* **Work instruction**
Each line below is to be written out once more, precisely as given.

* **Stored data**

· · ·

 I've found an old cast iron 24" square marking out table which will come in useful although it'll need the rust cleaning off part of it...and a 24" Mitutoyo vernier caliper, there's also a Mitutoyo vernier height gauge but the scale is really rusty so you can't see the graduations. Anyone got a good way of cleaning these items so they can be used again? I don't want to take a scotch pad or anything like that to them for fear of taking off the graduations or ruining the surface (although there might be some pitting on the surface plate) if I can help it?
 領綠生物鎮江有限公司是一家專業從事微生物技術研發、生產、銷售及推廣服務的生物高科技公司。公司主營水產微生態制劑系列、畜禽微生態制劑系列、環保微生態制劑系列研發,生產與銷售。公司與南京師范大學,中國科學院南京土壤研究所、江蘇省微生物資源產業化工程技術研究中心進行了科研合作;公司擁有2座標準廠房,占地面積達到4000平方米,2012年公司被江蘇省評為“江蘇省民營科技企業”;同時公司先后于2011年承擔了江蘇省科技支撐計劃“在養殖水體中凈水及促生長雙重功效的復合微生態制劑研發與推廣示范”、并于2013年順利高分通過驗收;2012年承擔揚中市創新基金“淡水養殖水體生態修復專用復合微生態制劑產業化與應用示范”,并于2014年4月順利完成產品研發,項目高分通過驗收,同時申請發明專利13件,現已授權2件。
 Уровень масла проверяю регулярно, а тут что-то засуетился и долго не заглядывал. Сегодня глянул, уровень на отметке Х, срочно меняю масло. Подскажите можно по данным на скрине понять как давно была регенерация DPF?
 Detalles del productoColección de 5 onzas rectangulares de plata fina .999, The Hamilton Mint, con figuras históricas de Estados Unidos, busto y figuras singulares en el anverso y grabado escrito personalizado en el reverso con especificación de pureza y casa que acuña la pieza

· · ·

* **Solution below**
 I've found an old cast iron 24" square marking out table which will come in useful although it'll need the rust cleaning off part of it...and a 24" Mitutoyo vernier caliper, there's also a Mitutoyo vernier height gauge but the scale is really rusty so you can't see the graduations. Anyone got a good way of cleaning these items so they can be used again? I don't want to take a scotch pad or anything like that to them for fear of taking off the graduations or ruining the surface (although there might be some pitting on the surface plate) if I can help it?
 領綠生物鎮江有限公司是一家專業從事微生物技術研發、生產、銷售及推廣服務的生物高科技公司。公司主營水產微生態制劑系列、畜禽微生態制劑系列、環保微生態制劑系列研發,生產與銷售。公司與南京師范大學,中國科學院南京土壤研究所、江蘇省微生物資源產業化工程技術研究中心進行了科研合作;公司擁有2座標準廠房,占地面積達到4000平方米,2012年公司被江蘇省評為“江蘇省民營科技企業”;同時公司先后于2011年承擔了江蘇省科技支撐計劃“在養殖水體中凈水及促生長雙重功效的復合微生態制劑研發與推廣示范”、并于2013年順利高分通過驗收;2012年承擔揚中市創新基金“淡水養殖水體生態修復專用復合微生態制劑產業化與應用示范”,并于2014年4月順利完成產品研發,項目高分通過驗收,同時申請發明專利13件,現已授權2件。
 Уровень масла проверяю регулярно, а тут что-то засуетился и долго не заглядывал. Сегодня глянул, уровень на отметке Х, срочно меняю масло. Подскажите можно по данным на скрине понять как давно была регенерация DPF?
 Detalles del productoColección de 5 onzas rectangulares de plata fina .999, The Hamilton Mint, con figuras históricas de Estados Unidos, busto y figuras singulares en el anverso y grabado escrito personalizado en el reverso con especificación de pureza y casa que acuña la pieza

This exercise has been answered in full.